02-18 17:54:09.215: D/NsdService(628): resolveService: 116 name: TuSync-0.60493, type: _tusync._tcp., host: null, port: 0
02-18 17:54:09.216: D/MDnsDS(187): resolveService(116, (null), TuSync-0.60493, _tusync._tcp., local.)
02-18 17:54:09.217: D/MDnsDS(187): resolve succeeded for 116 finding TuSync-0\.60493._tusync._tcp.local. at Android-2.local.:60493 with txtLen 1
02-18 17:54:09.219: D/NsdService(628): SERVICE_RESOLVED Raw: 608 116 "TuSync-0\\.60493._tusync._tcp.local." "Android-2.local." 60493 1
02-18 17:54:09.228: D/MDnsDS(187): getAddrInfo succeeded for 117: 117 "Android-2.local." 120 10.0.0.6
02-18 17:54:09.228: D/MDnsDS(187): getAddrInfo succeeded for 117: 117 "Android-2.local." 120 fe80::c643:8fff:fec5:5648
02-18 17:54:09.229: D/NsdService(628): SERVICE_GET_ADDR_SUCCESS Raw: 612 117 "Android-2.local." 120 10.0.0.6
02-18 17:54:09.244: D/MDnsDS(187): Discover found new serviceName TuSync-0.36230, regType _tusync._tcp. and domain local. for 113
02-18 17:54:09.251: E/NsdService(628): Unique id with no client mapping: 117
02-18 17:54:09.251: E/NsdService(628): Unhandled { when=-22ms what=393242 obj=com.android.server.NsdService$NativeEvent@1e992653 target=com.android.internal.util.StateMachine$SmHandler }
02-18 17:54:09.255: D/NsdService(628): SERVICE_FOUND Raw: 603 113 "TuSync-0.36230" _tusync._tcp. local.
In this case, the discovered node 10.0.0.5 (port 36230) triggers no discoveryListener notification. After the last log message, nothing happens.

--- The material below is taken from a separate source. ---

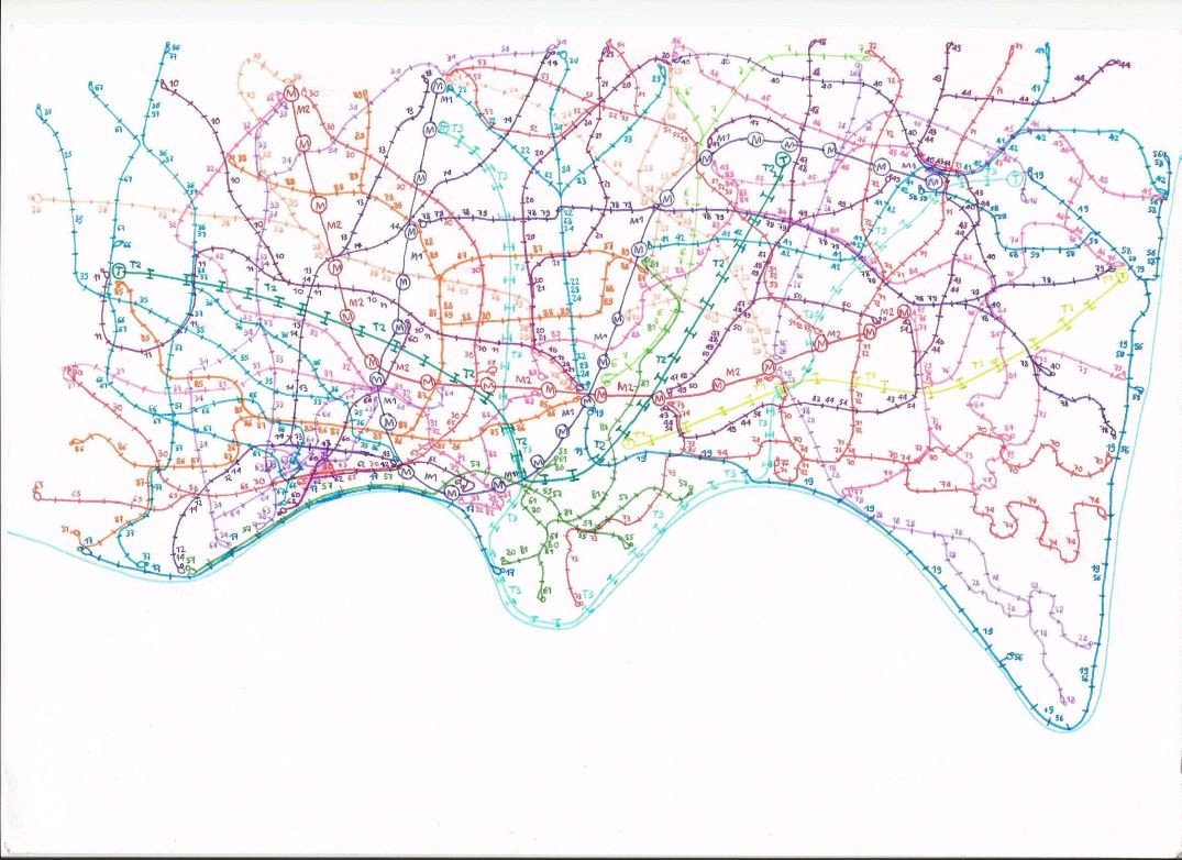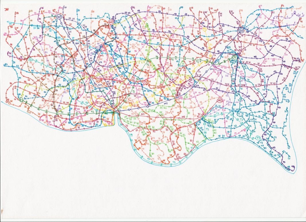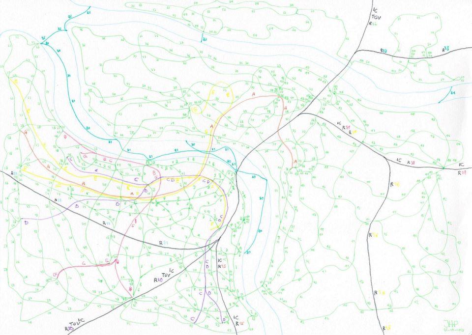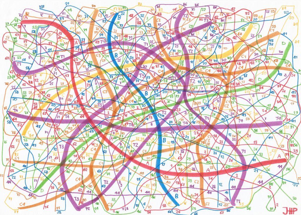 Artistieke plannen van het openbaar vervoer in Franse steden. Deze tekening is in de collectie van Musée de la Création Franche. Ze gebruiken het voor hun advertenties en publicaties, zoals voor de tentoonstelling in Talence (Bordeaux), eind 2025.

The source of my NsdHelper class is attached for reference. The low amount of similar bug reports makes me wonder if I'm the only one with these problems or if the NsdManager is completely unstable and no-one uses it anyway?
Note, that I even implemented a semaphore that can be set to 1 to prevent resolving multiple services in parallel, as somebody else reported problems with parallel resolution.